Regulators to Study use of Composite Scores in Drug Advertising

Posted 22 August 2012 | By Alexander Gaffney, RAC 

Regulators at the US Food and Drug Administration (FDA) are planning to conduct a study on consumers' understanding of composite endpoint scores used in direct-to-consumer (DTC) advertising.

Composite scores are essentially a collection of clinical endpoints combined into a single overall score. An allergy drug might, explains FDA, use a composite score that measures a patient's runny nose, congestion, nasal itchiness and sneezing.

Do Consumers Understand What a Composite Score Is?

The study, announced in a 22 August Federal Register posting, is intended to assess whether patients understand that though a drug may have a better composite score than a competitor's product, it is not necessarily better in every single area reflected in its composite score.
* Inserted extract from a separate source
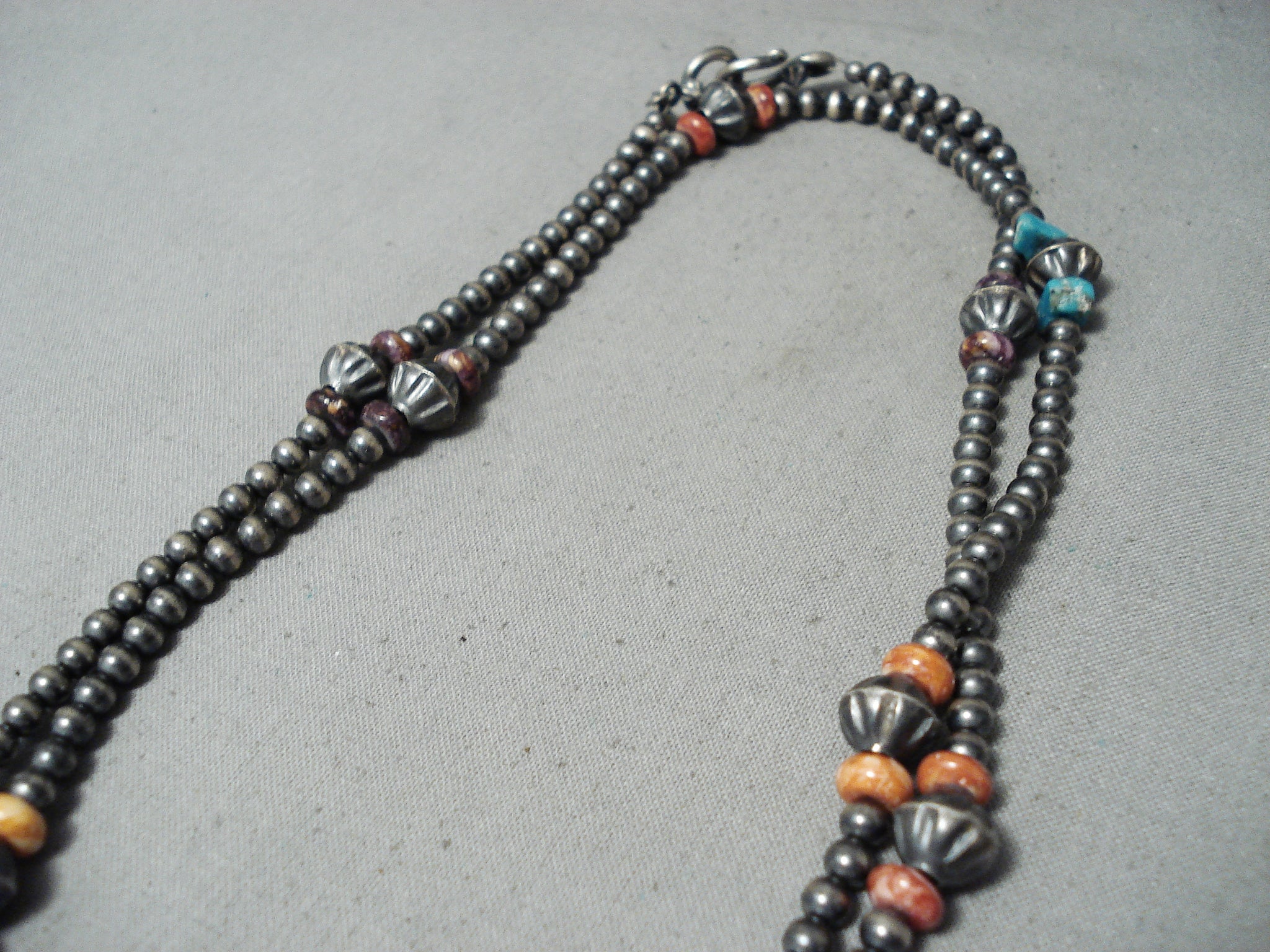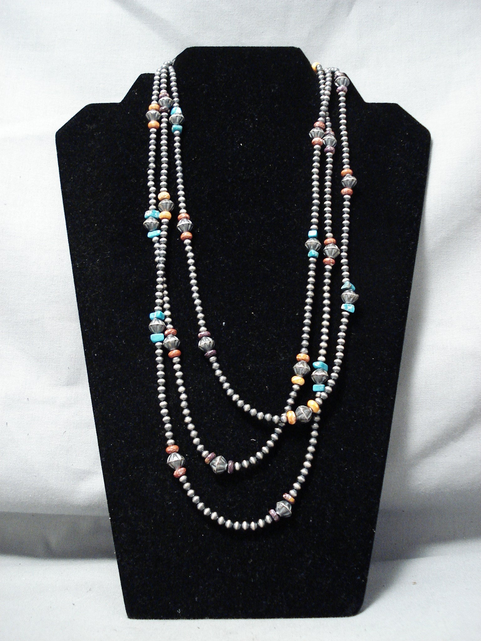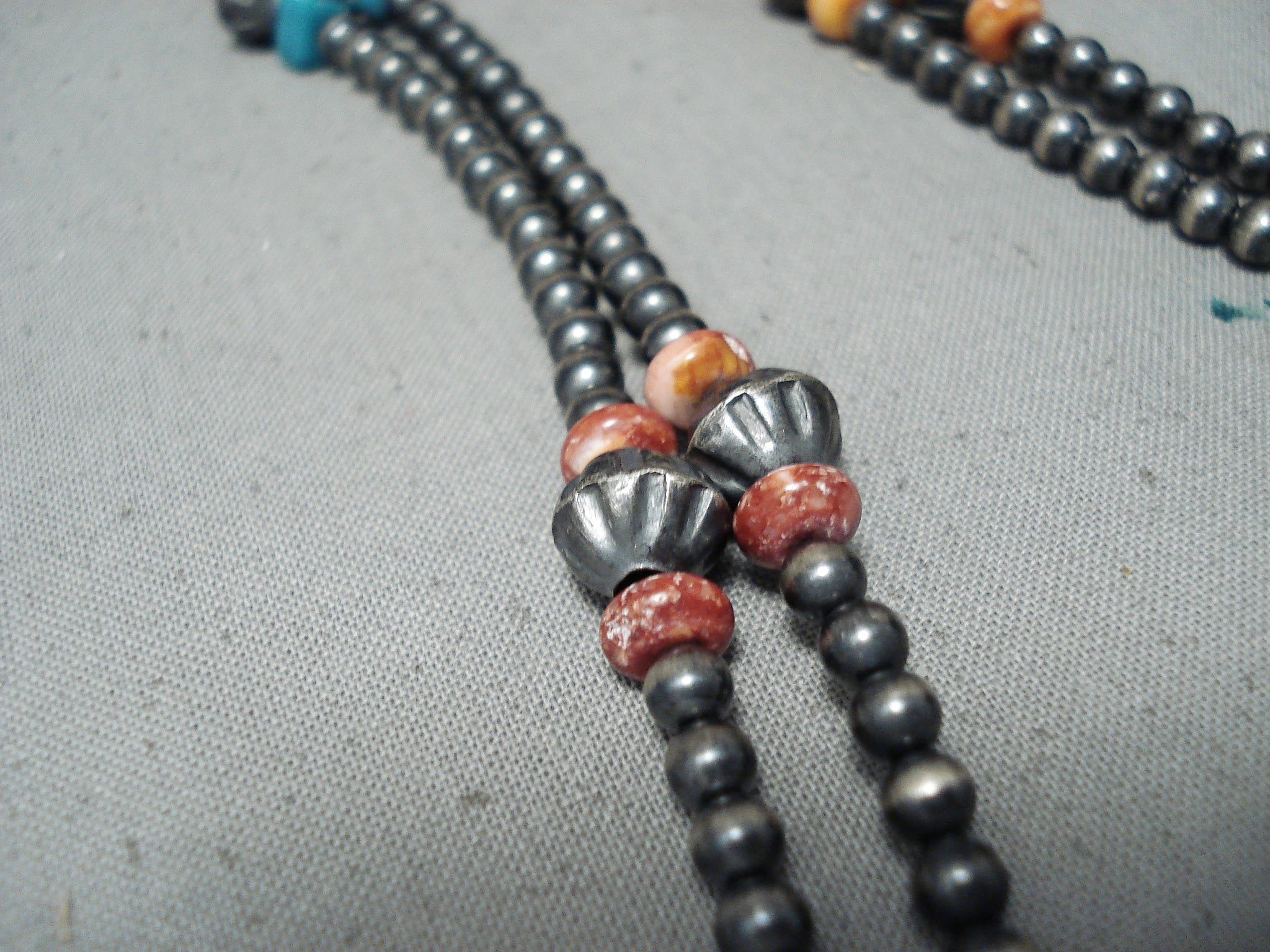 Wrap Around Native American Navajo Turquoise & Spiny Oyster Sterling Silver Necklace L-o-n-g

For instance, one hypothetical allergy drug might have a higher overall composite score, but its competitor could still be better at treating a patient's nasal congestion.
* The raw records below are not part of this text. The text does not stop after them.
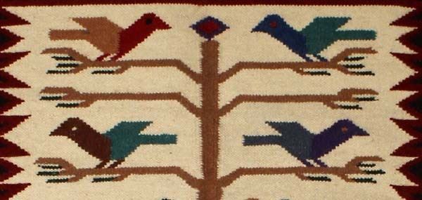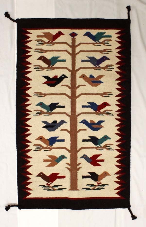 Beautiful Mexican Wool Tree of Life Rug, measures 27'' x 44.5'', 4 cornered tassels intact, like new condition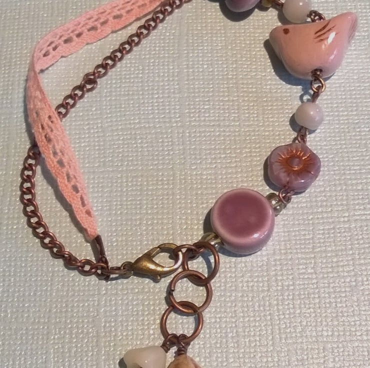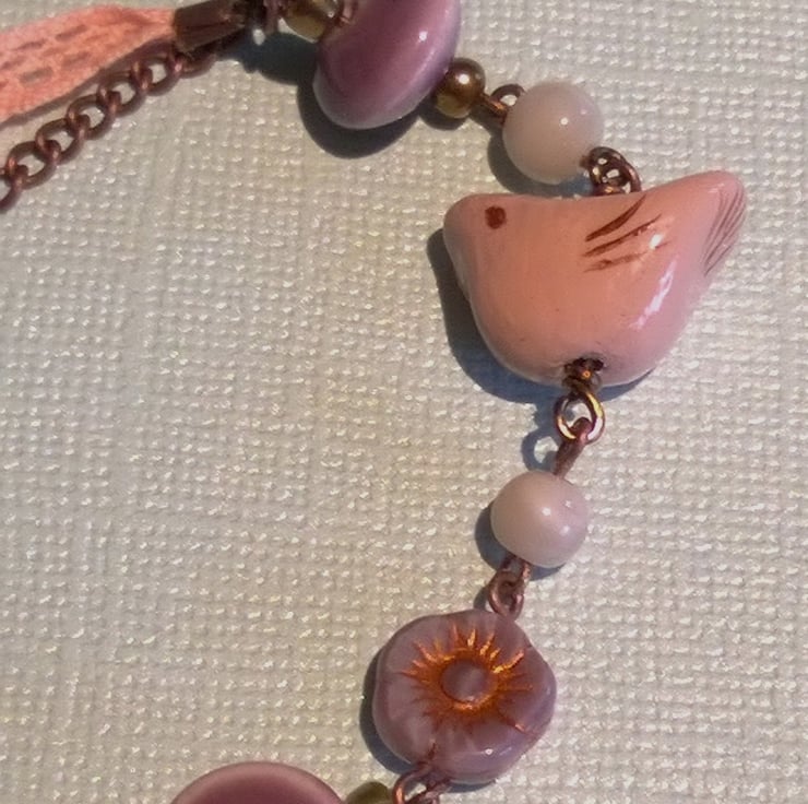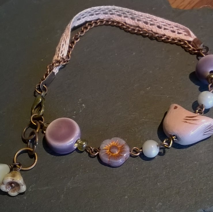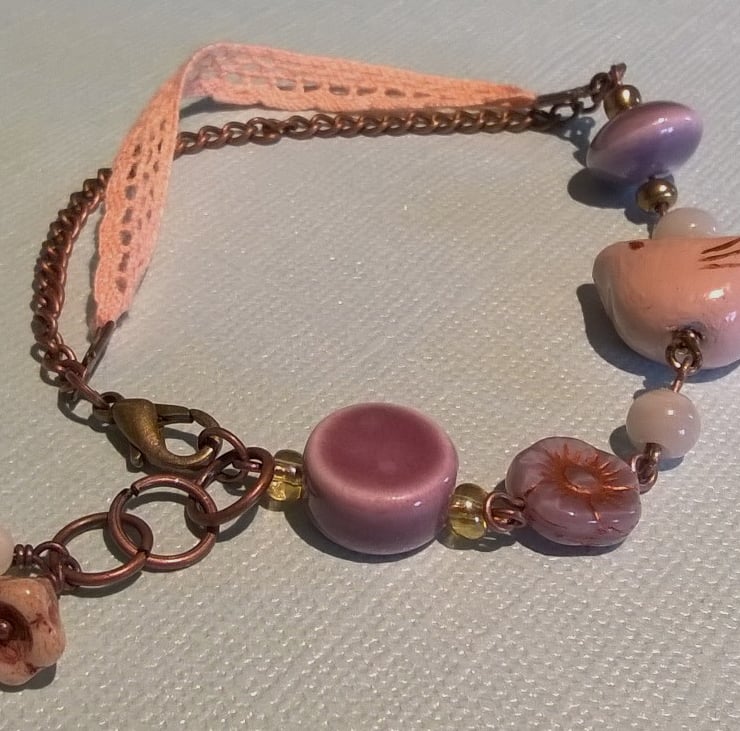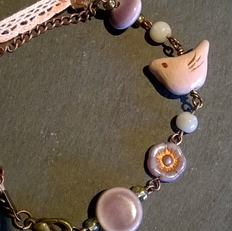 A vintage-inspired, feminine bracelet made with Czech glass and ceramic beads in shades of white and purple. Half of the bracelet consists of a peach lace ribbon and antique copper chain. The bracelet features a hand-made polymer clay bird, hand-painted and varnished.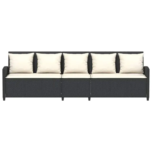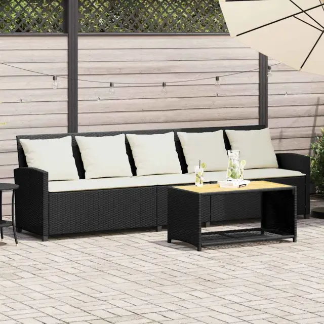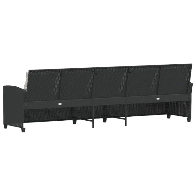 Vrtni kavč - Zunanji kavč z blazinami 5-sedežni črn poli ratan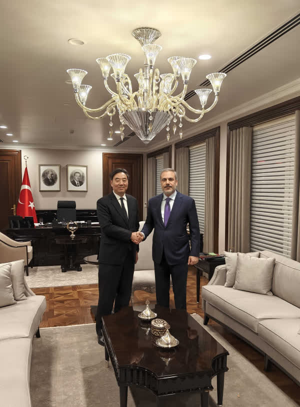 費丹表示,當前巴以衝突持續升級,土方呼籲立即停火止戰並向加沙地帶提供人道主義援助,認為只有「兩國方案」才能從根源上解決巴勒斯坦問題。土方重視中方作用,願同中方保持密切溝通協調,共同推動衝突早日結束,實現地區持久和平。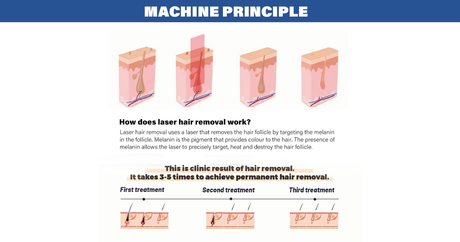 • 1064 nm (Nd:YAG) – ideal pentru pielea închisă la culoare și părul gros.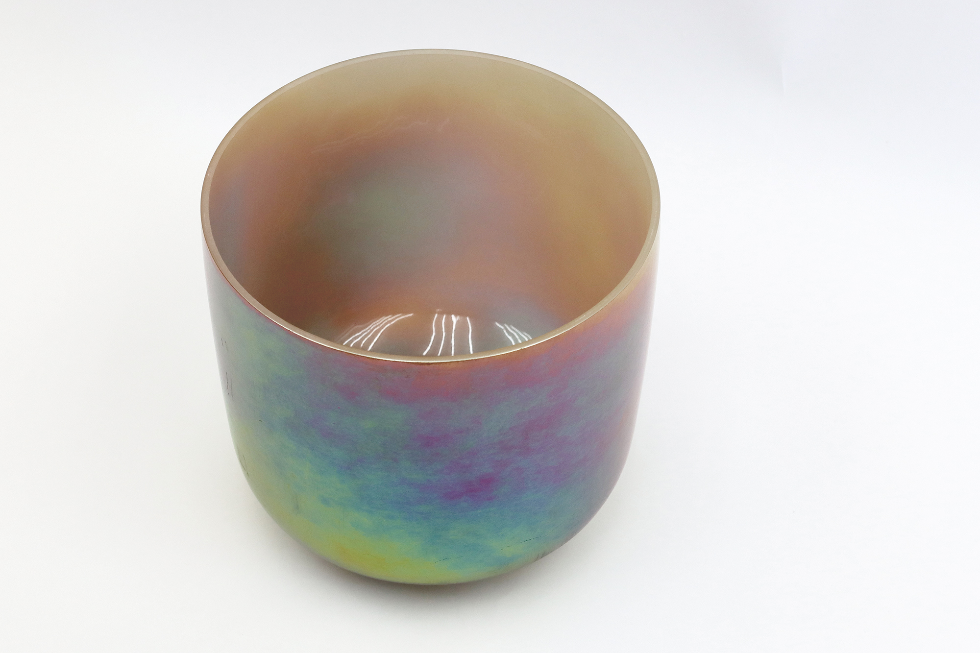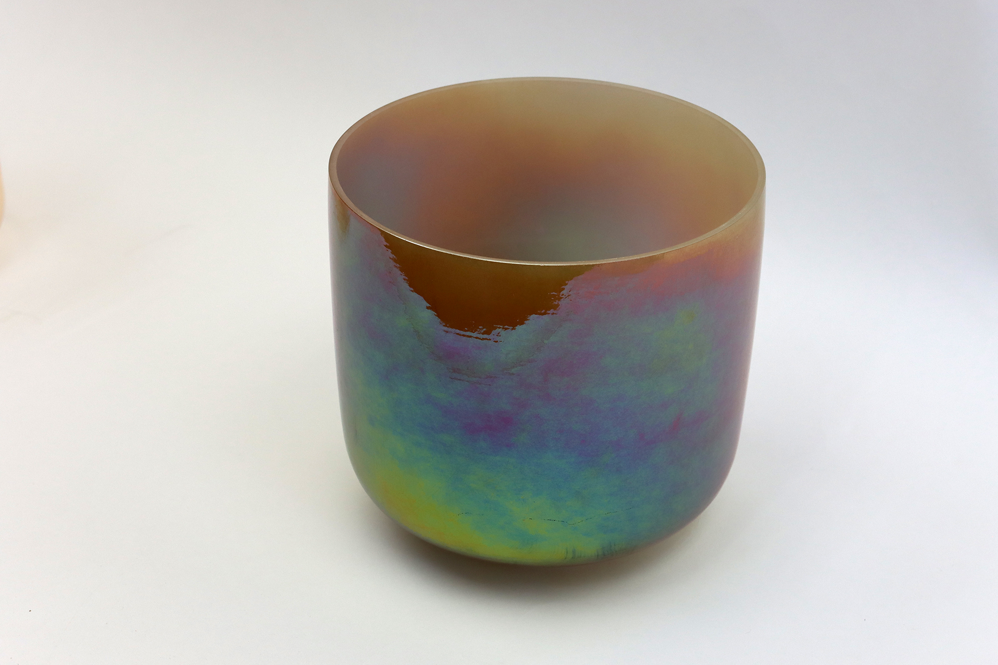 Diese Kristallschale ist nicht lackiert, sondern mit einer Glasur aus seltenen Metallen beschichtet, gemischt, Gold, Silber, Kupfer, Kobalt ... mindestens 5–10 verschiedene Metalle, nur in unterschiedlichen Anteilen, um verschiedene Farben zu erzielen.

"Because most DTC prescription drug ads do not explicitly state that they used composite scores to demonstrate efficacy or they provide little explanation of how these scores are calculated, it is also important to understand whether consumers recognize how composite scores are used for measuring drug efficacy," FDA wrote.

The agency acknowledged that prior research in the area is "scant," and its own preliminary research found that public knowledge of both the term and its use was minimal at best. When FDA informed its study group about what composite scores were, it said participants fell into one of two groups: those who said they would appreciate drug advertising including information about the composite score, and those who felt that the ads already provided sufficient information to inform their choices.
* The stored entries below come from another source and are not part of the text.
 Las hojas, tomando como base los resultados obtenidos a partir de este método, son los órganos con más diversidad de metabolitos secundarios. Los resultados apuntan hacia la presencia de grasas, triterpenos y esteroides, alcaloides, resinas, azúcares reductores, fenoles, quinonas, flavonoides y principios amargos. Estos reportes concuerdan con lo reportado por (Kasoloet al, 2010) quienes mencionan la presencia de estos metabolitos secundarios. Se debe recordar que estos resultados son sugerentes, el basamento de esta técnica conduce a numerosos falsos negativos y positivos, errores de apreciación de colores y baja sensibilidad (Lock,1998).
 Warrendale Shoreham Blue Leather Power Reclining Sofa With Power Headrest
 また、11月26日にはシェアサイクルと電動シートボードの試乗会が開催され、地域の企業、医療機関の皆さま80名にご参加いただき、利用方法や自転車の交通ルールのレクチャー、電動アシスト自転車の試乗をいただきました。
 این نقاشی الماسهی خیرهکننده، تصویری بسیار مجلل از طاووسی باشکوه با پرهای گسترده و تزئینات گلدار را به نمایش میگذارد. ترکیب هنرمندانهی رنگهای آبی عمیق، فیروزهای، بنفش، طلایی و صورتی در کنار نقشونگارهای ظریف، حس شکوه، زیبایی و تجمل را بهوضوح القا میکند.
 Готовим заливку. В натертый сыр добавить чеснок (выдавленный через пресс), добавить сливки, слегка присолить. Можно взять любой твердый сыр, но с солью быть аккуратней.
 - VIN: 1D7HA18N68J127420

Under its newly proposed study, FDA said it plans to explore whether consumers are aware of how a drug's efficacy is measured, whether they understand a composite score, whether advertising that uses a composite score skews a person's perception of a drug and how different presentations of a composite score might affect a consumer's perception of a drug.

Composite Scores 'Like a Decathlon'

These questions will be split into two separate studies, FDA said. The first will involve a 1,600-person Internet survey assessing understanding of composite scores and what they mean for a drug's safety and effectiveness, with a particular focus on patients who may not be well educated. The second study will involve 1,602 subjects and will include three different presentations of information: an ad with no information about a composite endpoint, a list of symptoms treated by the drug that make up the composite endpoint, and an explicit definition of a composite score.

Half of the group will also be given an educational intervention, which FDA said should allow it to see if consumers receiving a plain explanation of the information from a presenter effects comprehension of the score. FDA said it plans to use the example of a decathlon to illustrate the concept for study participants.

"In that event, athletes compete in 10 events, such as the long jump, the shot put, and the 50-yard dash.  An athlete may not win all events, but if he or she wins some and performs well enough in others, he or she may be the winner based on a combination of scores for each event," explained FDA.

The study is expected to take 1,519 hours to complete. No information about its anticipated start date was provided.